From: Richard Loosemore <[EMAIL PROTECTED]>

Brad Paulsen wrote: 
> CHILDREN LEARN SMART BEHAVIORS WITHOUT KNOWING WHAT THEY KNOW
> http://www.physorg.com/news132839991.html

It's garbage science.  Or at least, it is a garbage headline.

There is a whole body of experiments done with adults in which subjects 
are asked to learn about several conceptual categories as a result of 
seeing only exemplars of the categories, without ever being told 
explicitly what the reasons are for a given instance being in one 
category or another.

These adults can easily pick up the categories even when they cannot 
easily articulate what the criteria are.  This is concept building, and 
it is one of the most fundamental activities of the human mind.
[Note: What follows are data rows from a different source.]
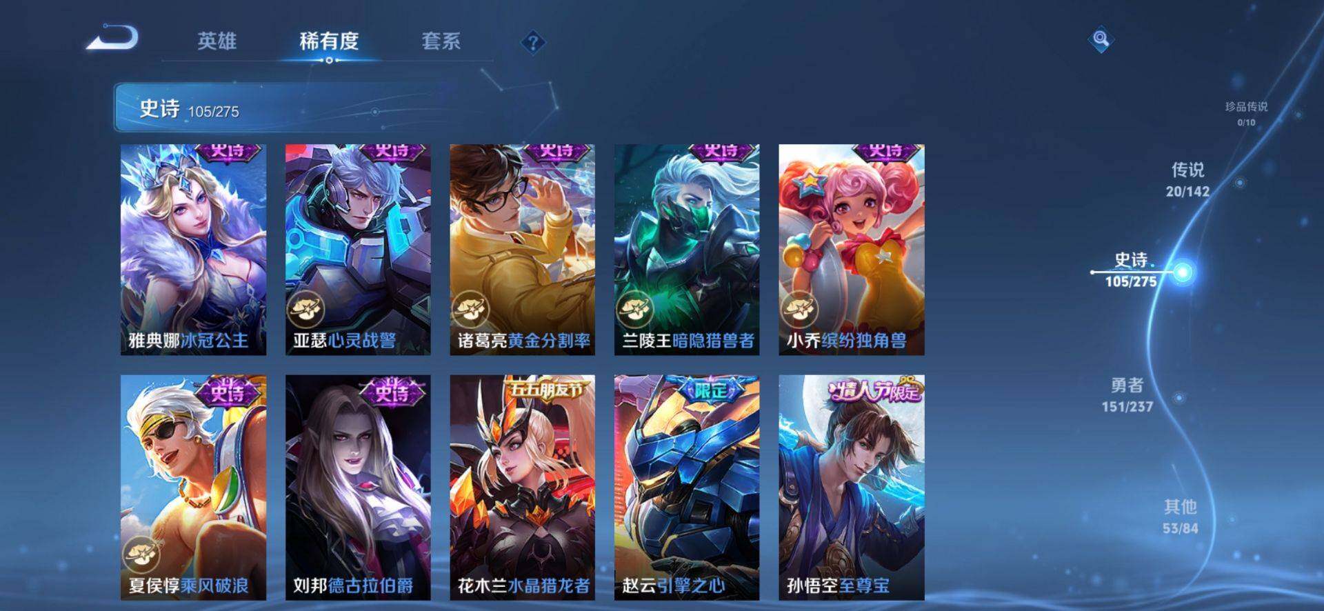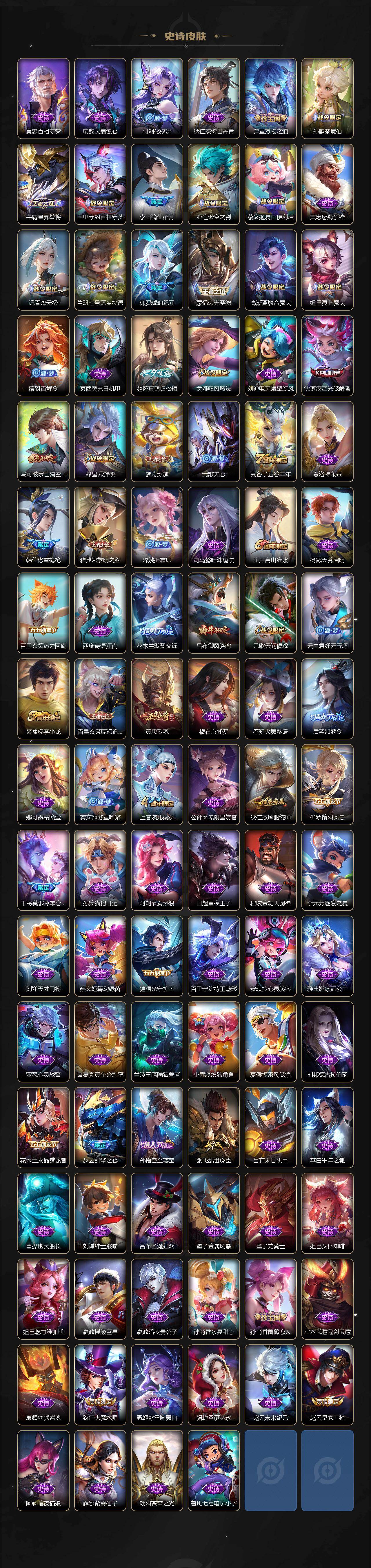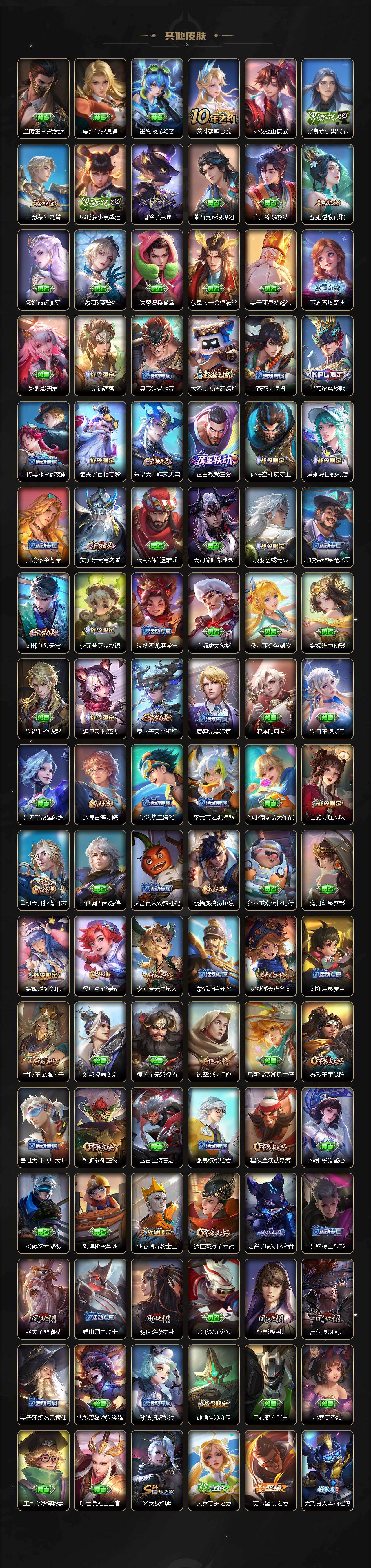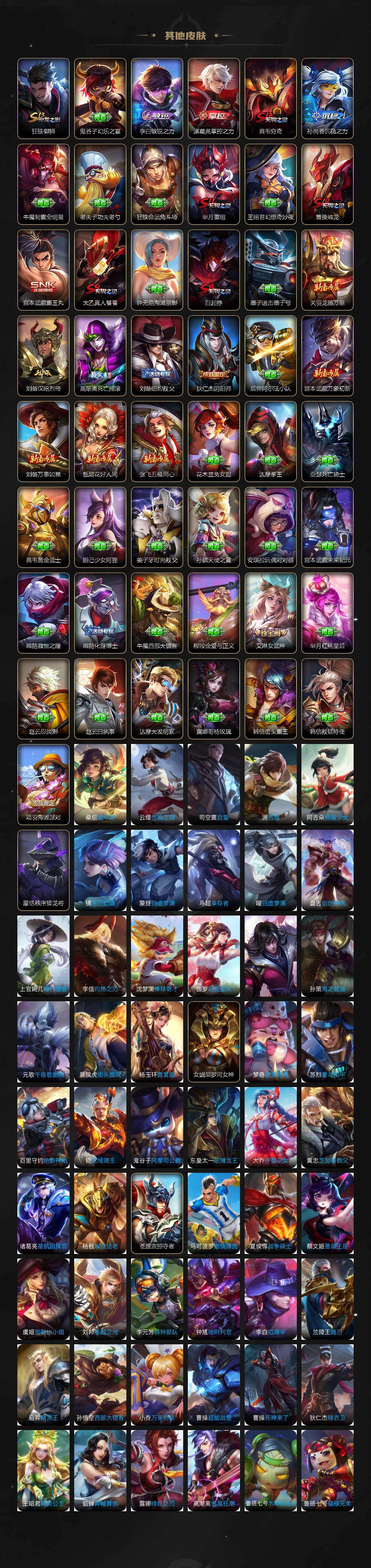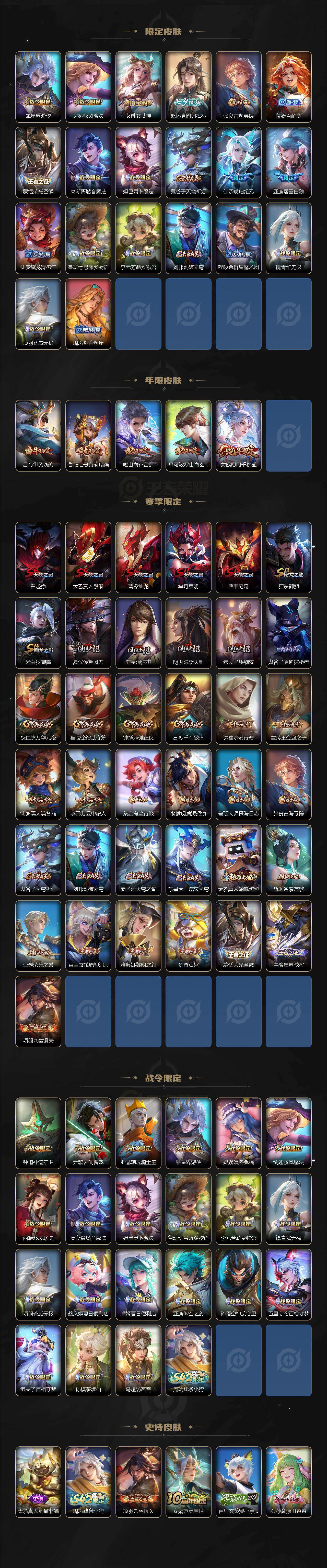 【传说皮肤】:后羿神树通天,女娲愿照千秋盛,云缨幻光神枪,裴擒虎祥瑞亨通,桑启鸣野蒿,亚连落雪白狼,澜逐花归海,马可波罗妄想实况,诸葛亮鹤羽星尊,曜山海苍
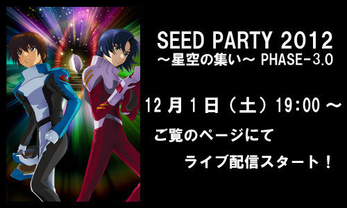 SEED Party 2012 Hoshizora no Tsudoi Phase-3.0, the third in a series of Mobile Suit Gundam SEED talk events, is this Saturday at the Tokyo Science Museum.
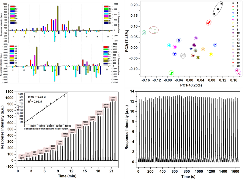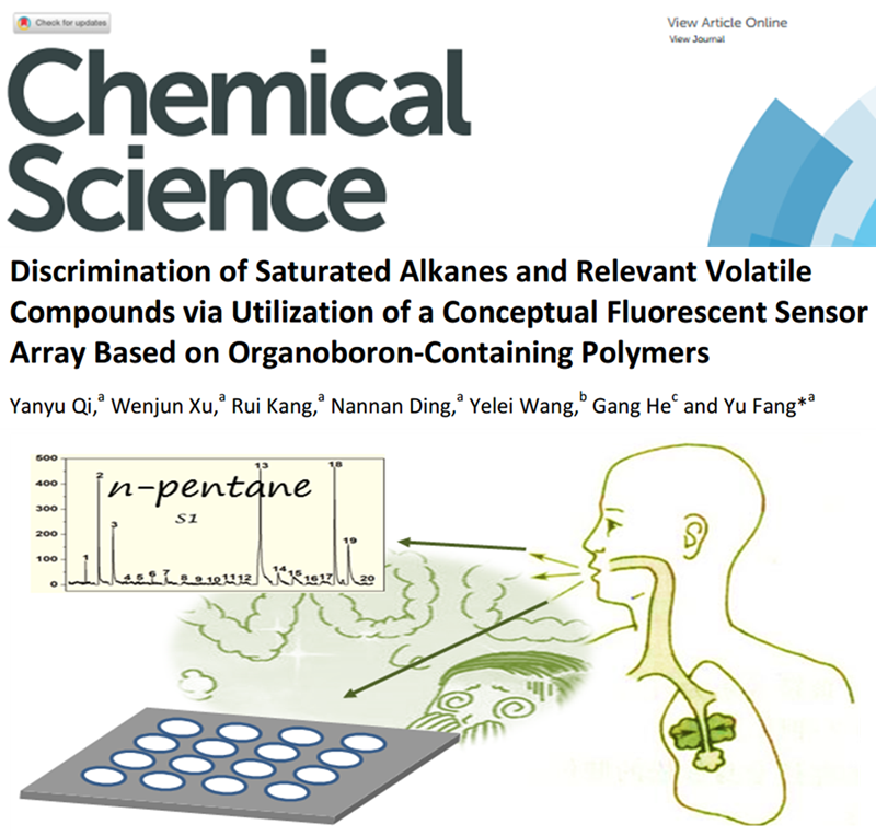 饱和烷烃是一类重要的信号物质,在消化系统、呼气系统某些疾病,特别是肺癌的早期诊断,油气资源的普查勘探中具有重要的意义。然而,饱和烷烃化学性质稳定,也缺乏光电活性,这就使得其原位在线高灵敏探测变得十分困难。针对这一挑战,房喻教授小组创造性将非平面荧光单元引入薄膜结构,制备了富含“分子通道”的荧光薄膜阵列,利用内聚能差异,薄膜通道的体积选择、极性选择,以及传感单元荧光量子产率的溶剂依赖性等,在自行搭建的系统上实现了对饱和烷烃的气相高灵敏选择性快速识别和检测。对肺癌标示物正戊烷的检测灵敏度可达3.7 ppm以下,系统响应速度小于1 s,且可实现稳定重复使用,有望在肺癌早期诊断中获得应用。该工作近期在化学领域顶级期刊《Chemical Science》上在线全文发表。论文第一作者为我院2016级博士研究生祁彦宇同学,合作者包括硕士研究生徐文君、康蕊,本科生丁南南,物理学与信息技术学院硕士研究生王烨蕾,以及西安交通大学的何刚教授等,通讯作者为房喻教授。
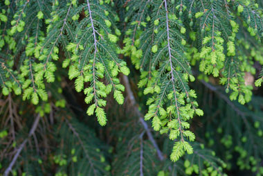 Eastern hemlock tree (Tsuga canadensis) boughs with new growth; photo by Eric Hunt on Flickr (noncommercial use permitted with attribution / no derivative works)
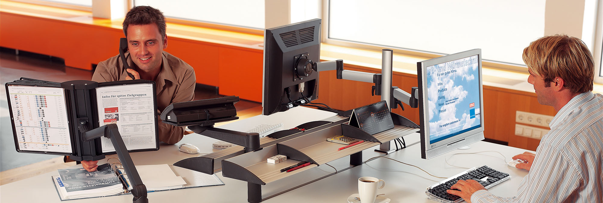 Die Schreibtisch Ordnung - Zur ergonomischen Büroausstattung gehören auch Bildschirmträger und Monitorarme
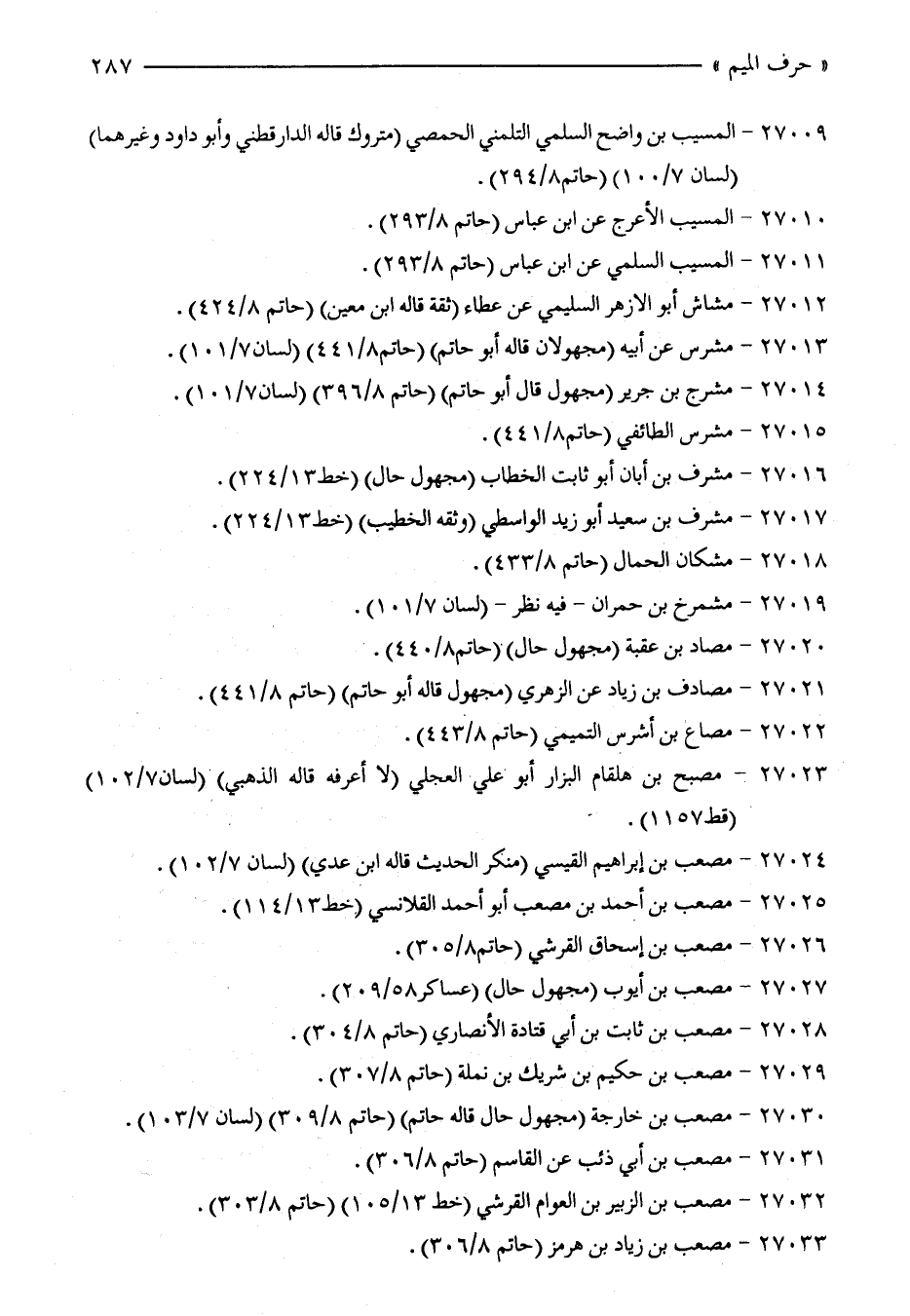 27032 - مصعب بن الزبير بن العوام القرشي (خط 13/ 105) (حاتم 8/ 303).
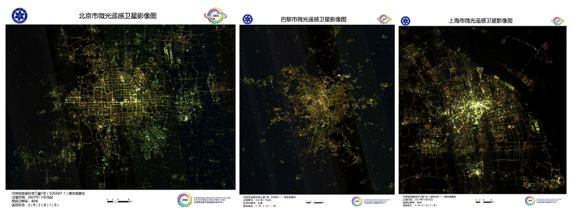 - December 20, 2021: SDGSAT-1 downlinked its first remote sensing images of multiple cities and regions, including Beijing, Shanghai, the Yangtze River Delta, Lake Namtso in Tibet, Aksu Prefecture in Xinjiang, and Paris in France. 23) 24)
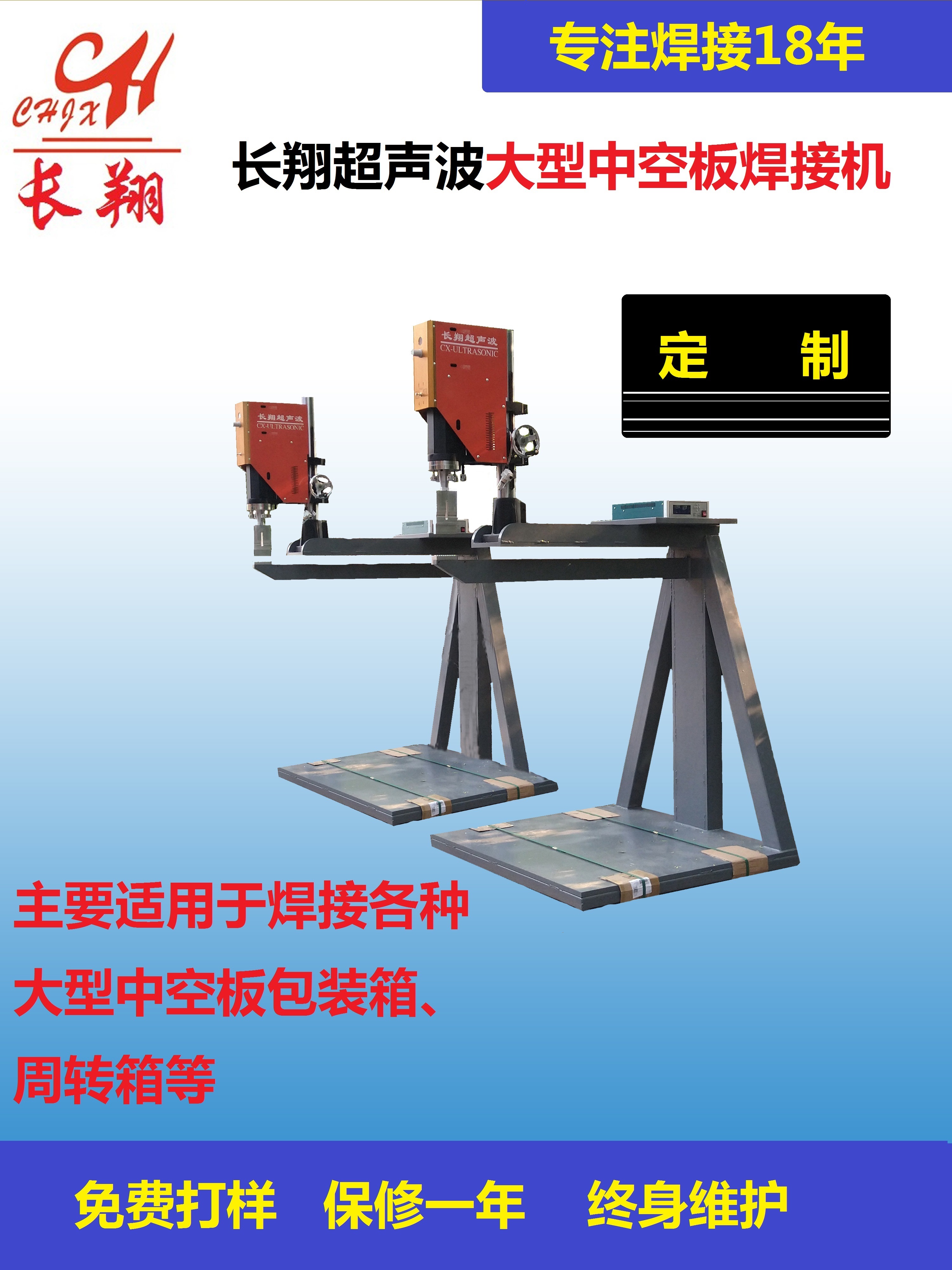 塑料周轉(zhuǎn)箱焊接機(jī):又稱超聲波焊接機(jī),加高型超音波焊接機(jī),中空板焊接設(shè)備,主要用于中空板焊接,周轉(zhuǎn)箱焊接,或者各種板類產(chǎn)品焊接,是周轉(zhuǎn)箱專用的一款焊接機(jī),使用性能穩(wěn)定,操作簡(jiǎn)單,方便快捷,環(huán)保潔凈。
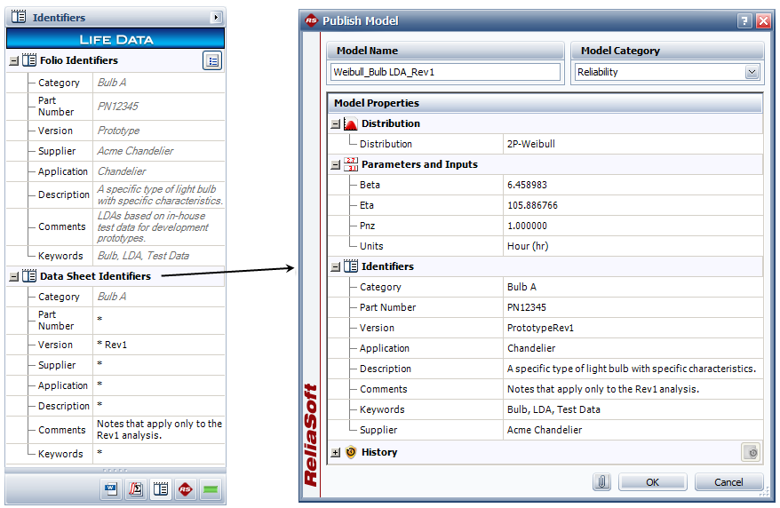 For published models, the identifiers are obtained from the analysis (e.g., Weibull++ folio, BlockSim diagram, etc.). To make a change, you must first edit the identifiers for the analysis and then republish the model.
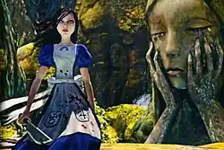 Rumors of a sequel to Alice first developed shortly after the original game was released to critical and commercial success, though at that time, the development team behind the original were working on the ultimately-canceled spin-off, American McGee's Oz. As the development of the movie adaptation of American McGee's Alice took longer and the original game became more of a cult classic, in 2007 interest at Electronic Arts rose in a remake of the game and work was started on a sequel.[7] However, when the movie adaptation fell through, plans for a sequel were shelved, and remained so for nearly a decade. At the February 2009 D.I.C.E. Summit, EA announced a sequel, which at the time had the working title The Return of American McGee's Alice.[8][9] Two pieces of concept art accompanied the announcement, along with the information that the original game's writer and executive producer would also return for the sequel.[10] In November of that year, a fan-made trailer (with the title "The Return of Alice") was mistaken by gaming news outlets as an official teaser for the game, in which Alice is in therapy after a relapse nine months following the events of the first game, and appears to hallucinate an image of the Cheshire Cat in place of her doctor.[11]
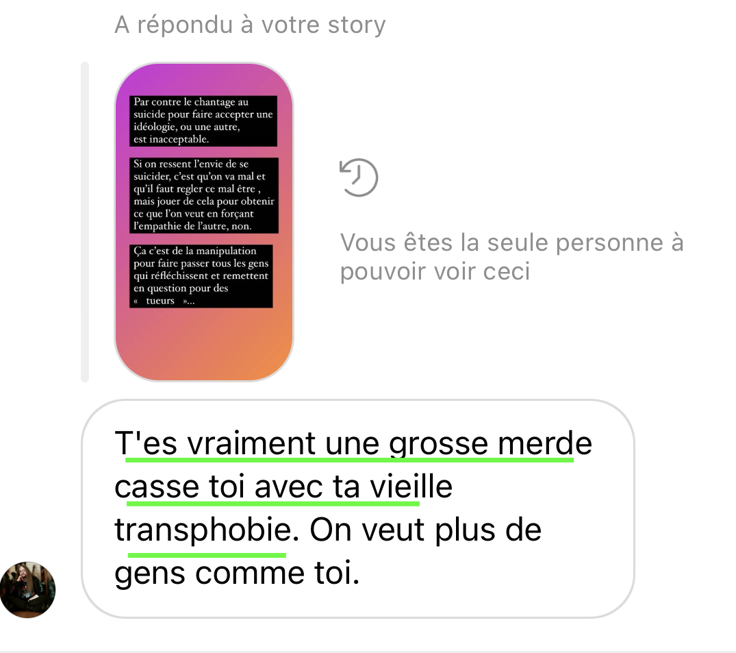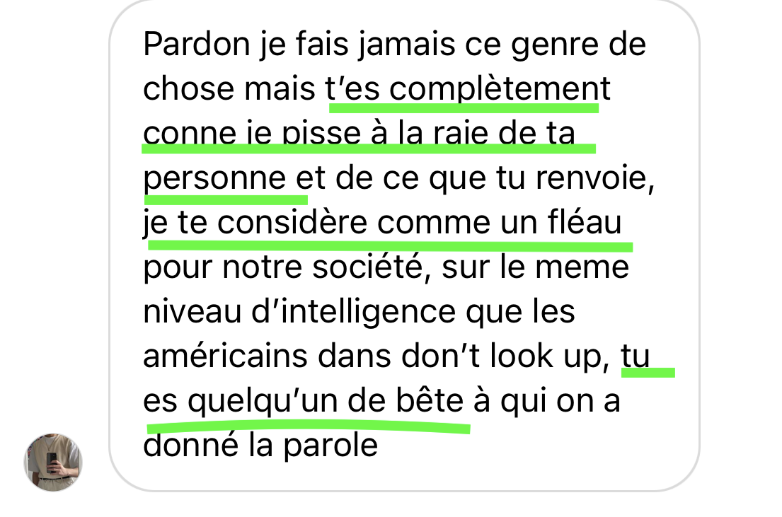 Nous recevons constamment des messages injurieux et haineux qui nous traitent de tous les noms, et qui nous souhaitent le pire.

Is it surprising or new that children do the same thing?  It should be 
stupidly obvious that they do the same thing.  Children spend all their 
time voraciously separating the world out into categories, using almost 
nothing but exemplar-based learning.

Just because I believe that there is much of value in cognitive science, 
  doesn't mean I will defend everything done in its name.

Richard Loosemore
--------------------------------------

Well, cognitive science progresses by questioning other conclusions and then 
devising new experiments that can produce more insightful results.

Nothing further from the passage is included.